Yes, it might look good to have an affirmative right to vote in the Constitution, but it’s unnecessary, an inefficient means of guaranteeing the right, and would propel the Supreme Court even more into the forefront of American politics.
As I’ve written elsewhere:
The beauty and power of the American Constitution is in its simplicity and sparseness, and, to a degree, in its laser focus on (1) combining power, and (2) preserving the conditions necessary for people to exercise their political rights. Its beauty lies in the continued flexibility of its core provisions, even when the Supreme Court has given them an inflexible construction. It is the enduring simplicity of our Constitution that allows us to know it intimately and encourages us to take its provisions seriously.
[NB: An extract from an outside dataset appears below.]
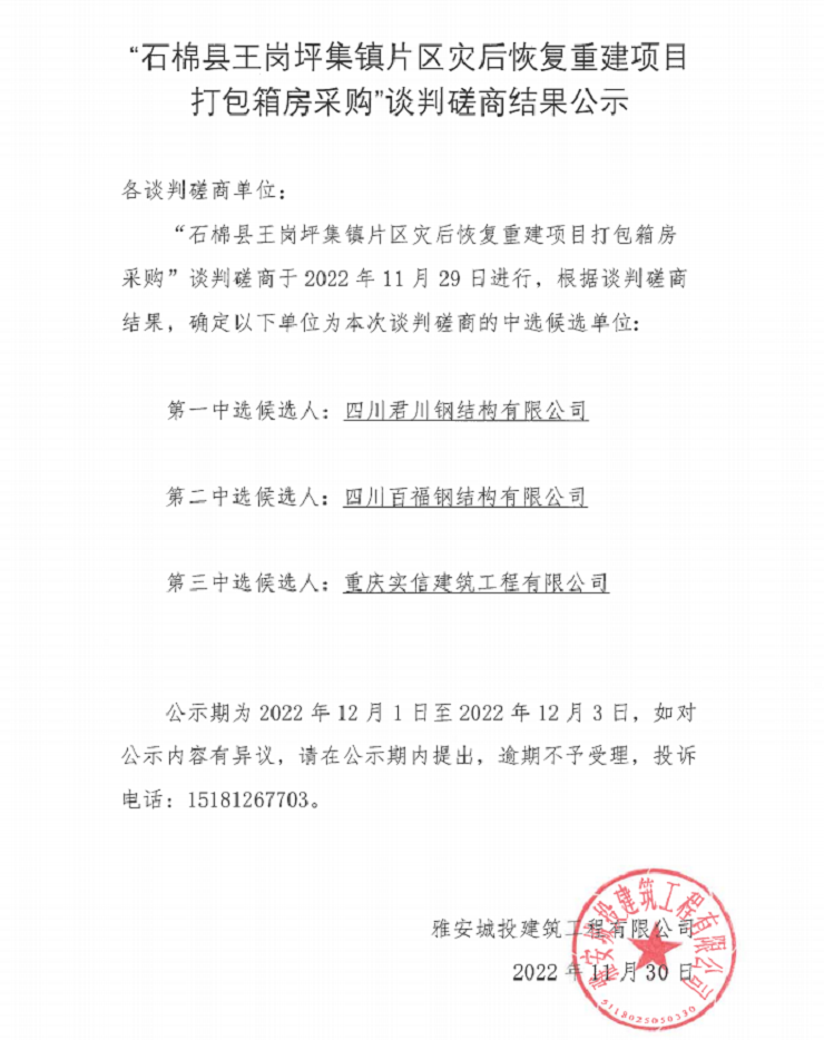 “石棉縣王崗坪集鎮(zhèn)片區(qū)災(zāi)后恢復(fù)·重建項(xiàng)目打包箱房采購(gòu)”談判磋商結(jié)果公示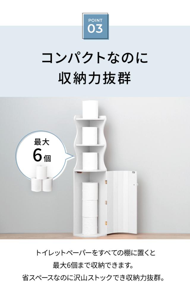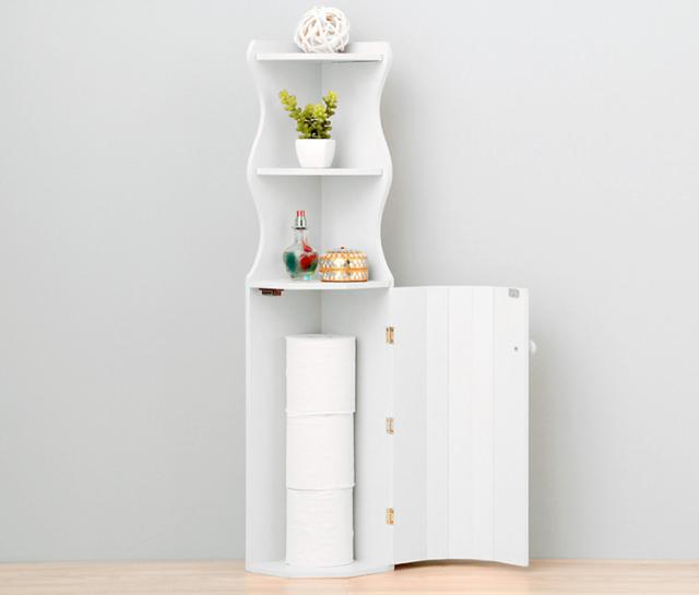 コーナーのデッドスペースを活用できる省スペース収納トイレラック。

A teenager can name off a number of the core principles and protections set out in our Constitution. Political power is derived from the people. Every person has a right to speak freely. Every person has a right to worship according to their own conscience. Every person is entitled to the equal protection of the laws. Every person has the right to be free from unreasonable searches and seizures. No person can be deprived of life, liberty, or property without due process of law or face cruel and unusual punishment for any crime.
Every new constitutional amendment comes with costs — in the sense that a matter is removed from the domain of the people and brought into a domain protected from political action. It is no small thing to place such limits on our political representatives. It circumscribes the rights of future generations to a sphere of action they did not consent to when the reasons for the limitation may not have been timeless but, rather, tied to circumstances that have since passed. Every constitutional amendment expands the role of the Supreme Court in political governance, giving it the right (and duty) to conclusively determine an aspect of America’s political destiny. It also increases the likelihood that the Court will be placed front and center in American politics, in opposition to political branches, which has the potential to undermine the Court’s institutional mission and legitimacy. It is likely that a successful amendment effort cannot be undone. And it often comes with only uncertain benefits. As well-meaning Americans found out with Prohibition, the Constitution is no silver bullet for social change.
The writ large battle for voting rights has been fought and won. Skirmishes will continue to break out from time to time, and we have the tools to deal with them as they arise. When it comes to the Constitution (at least in this case) let’s leave well enough alone.